Сахая! О, святая женщина! Другая взвилась бы от ярости. Не взвилась – так надулась бы. Отвернулась капризно-презрительно.
Нежная благодарность хлынула в душу Кэремясова: понимает! Хоть жена понимает его страдания… И заплакать хотелось. Оросить ее лик живительной влагою. И тем высказать бессловесное, невыразимое. Заодно испросить прощения, смыв позор свой; очиститься от презрения к себе.
– Сахаюшка…
– Милый мой, можно ли так изнурять себя? Не жалеешь себя, родной…
«Знать бы, вернулся Зорин? Чем черт не шутит, вдруг привезет благую весть…» Мысли крутились далеко отсюда; и сам он был не здесь – пустой оболочкою разве. О чем ворковала его благоверная, не слыхал.
– Мэндэ!..
– Слушаю… – Спохватился: не в кабинете он. – Слышу, слышу, ласточка. – И опять охватила нежность.
– А коль слушаешь, засни. Что, план сам собою выполнится, если ты вот так, с открытыми глазами, проваляешься ночь напролет? Так и помешаться недолго, милый.
– Знаю.
– Ладно, я тебя убаюкаю. – Сахая еще теснее прильнула горячей грудью, принялась ладошкой легонько постукивать его по груди. – Ну, усни, засыпай… Баюшки-баю… Баю-бай… Примерное дитя должно быть послушным… Баю-бай…
Телячьи нежности, отчего совсем недавно он готов был впасть в гнев, оказывается, могут быть так приятны. Смущенный этим открытием, он лежал, сдерживая необыкновенную радость.
– Я уже сплю… Спасибо тебе, мое солнышко… Спи и ты…
Постепенно шепот гас, становился все глуше, невнятнее:
– Баю… бай…
Незаметно для себя она уснула, ласково мурлыча и постанывая, щекоча легким дыханием его шею.
Трепеща спугнуть хрупкий сон той, кого он теперь любил как никогда прежде, ибо и не подозревал, что возможно так любить, замер. Может, впервые знал (знал неопровержимо и наверняка!): он – СЧАСТЛИВ! Почему же впервые? Разве не бывало, что, пожираемый безумным пламенем страсти, он благословлял временную смерть-бессмертие? О сладость небытия! В ней полнота жизни. Помнится, точно током ударило: «Диалектика!» Думал ли о чем подобном теперь? И в голову не могло прийти. О ней – только. Это-то и счастье!
Сахая…
Мэндэ Семеновичу вдруг померещилось-показалось, будто знал эту женщину всегда, еще до своего фактического рождения – в преджизни, ежели такое бывает. А почему бы нет? – встал было на дыбы. Впрочем, тут же и стушевался. Подавил слепой бунт суеверия. На самом-то деле со дня их первой встречи в прошлом месяце минуло всего три года. Всего? Главное: Кэремясов не смел и представить, как он вообще мог жить раньше, не подозревая о ее существовании на свете? «О жизнь моя!» – вскричало, точно ужаленное, сердце.

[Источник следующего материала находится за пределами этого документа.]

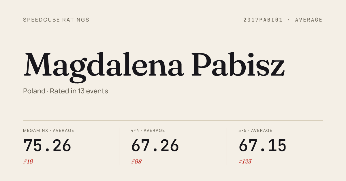- Apr 12, 20263x3x3 Cube · FinalMielecCubingDays2026 · 6th8.20

– Баю… бай… – откуда-то из немыслимой глуби сна долетело до него ее нежное пришептывание. И там она, душенька, ни на миг не прекращала думать и заботиться о его покое.
Подозрительно! Холостякующий партийный работник – нонсенс! И небезосновательный, сказать, повод для кое-каких кривотолков и заспинных, завиральных разговорчиков и разговорцев. Ан все равно! А не потому ли сопротивлялся до последнего, пребывая в упорном холостячестве, что суждено было встретить ему Сахаю – судьбу свою?
И жутко вдруг стало. Из нестерпимой жарыни – в ледяную прорубь. И снова так. И сызнова. Женись на другой – что было бы? А ведь мог! Что греха таить, было несколько критических моментов, когда и прежде подумывал, и еще как, завести семью и зажить потихонечку-полегонечку, как все приятели и знакомые, и… не мечтать по-ребячески о единственной, предназначенной, необыкновенной любви. Уже было и решил прекратить бесплодное ожидание: «Нет ее такой на земле! И не было. Выдумали поэты. А нет – глупо ждать…» Но в крайний момент что-то возмущалось в нем. Душа не хотела смиряться, глупая. Точно молила сквозь жалобные слезы: «Потерпи еще… еще немного… А там делай, как знаешь».
Что, как поспешил бы: не выдержал? Если бы то случилось, – катастрофа! «К счастью… Родная моя… Голубушка…»
Неуклюж язык выразить невозможное, что случилось в его жизни. Да нужно ли здесь словесное?
Светозарная полярная ночь текла бесшумно. Неуместной казалась бледная одинокая звездочка, притулившаяся слева от месяца. Робко подрагивала.
Три года. Неужели – и всего-то?
Не раз приходилось слышать признания: захочет кто-нибудь вспомнить, когда и как в первый раз познакомился с человеком, которого знает, слава богу, будто бы с незапамятных времен, и – ни в какую. А ведь не могло же не быть первого знакомства.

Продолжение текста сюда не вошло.